Clustering based on genomic relationships, and consequent prediction independently within the two groups, resulted in an accuracy of forward genomic predictions for average annual biomass yield of 0.348 and − 0.041 in Groups A and B, respectively (Table 2). Additionally, the accuracy was higher for each individual period (apart from early spring), when only using Group A synthetic populations (Table 2). The average accuracy in Group A by 2014 for autumn, winter, early spring, late spring and summer was 0.348, 0.255, 0.577, 0.240 and 0.297, respectively. Across most years clustering of Group A provided improvements in average seasonal prediction accuracy over global prediction (Fig. 3). Those years where no improvement was observed were typically characterised by already moderate global prediction accuracies (Fig. 3). Group B had highly variable and low prediction accuracy across years (Fig. 3). The mean seasonal accuracy for autumn, winter, early spring, late spring and summer was − 0.052, − 0.028, 0.208, 0.119 and 0.007, respectively.
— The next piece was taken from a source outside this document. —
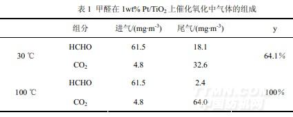 由以上实验结果,可以看出本实验所制备的催化剂1wt%Pt/TiO2在温和条件下对甲醛催化氧化反应具有良好的催化效果。
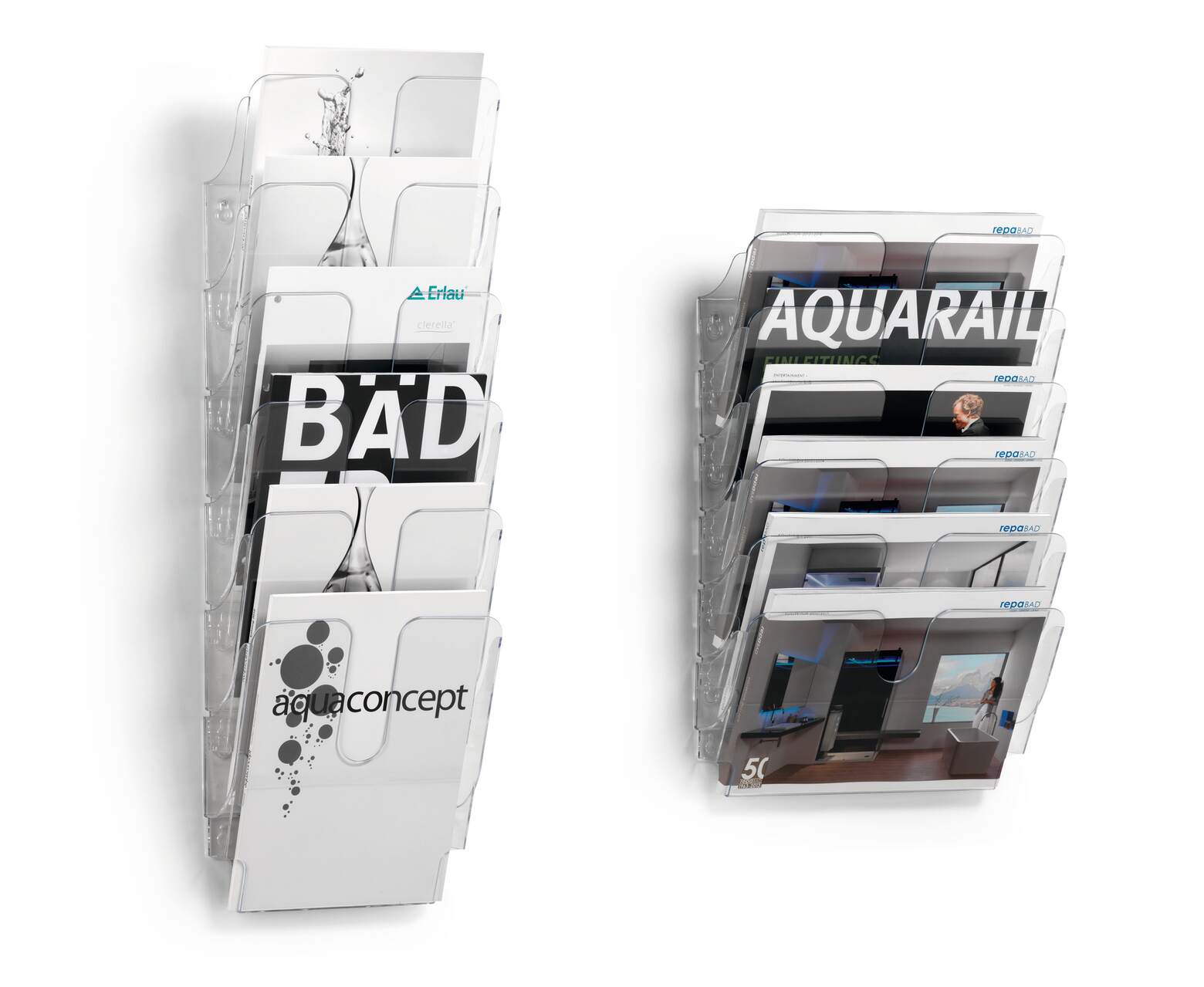 Komplett set med 6 st broschyrfack FLEXIPLUS A4 i liggande format.

Apart from average (1.03) measurements, minor bias in the prediction of GEBVs in Group A was observed in autumn (1.11), moderate bias in early spring (1.19) and late spring (1.24), with values being under-predicted, while summer (0.87) and winter (0.62) showed an over-prediction bias. Global prediction had minor over-prediction bias in average (0.94) and late spring (0.90), moderate over-prediction bias in autumn (0.76), summer (0.74) and winter (0.533) while early spring (1.11) had minor under-prediction bias.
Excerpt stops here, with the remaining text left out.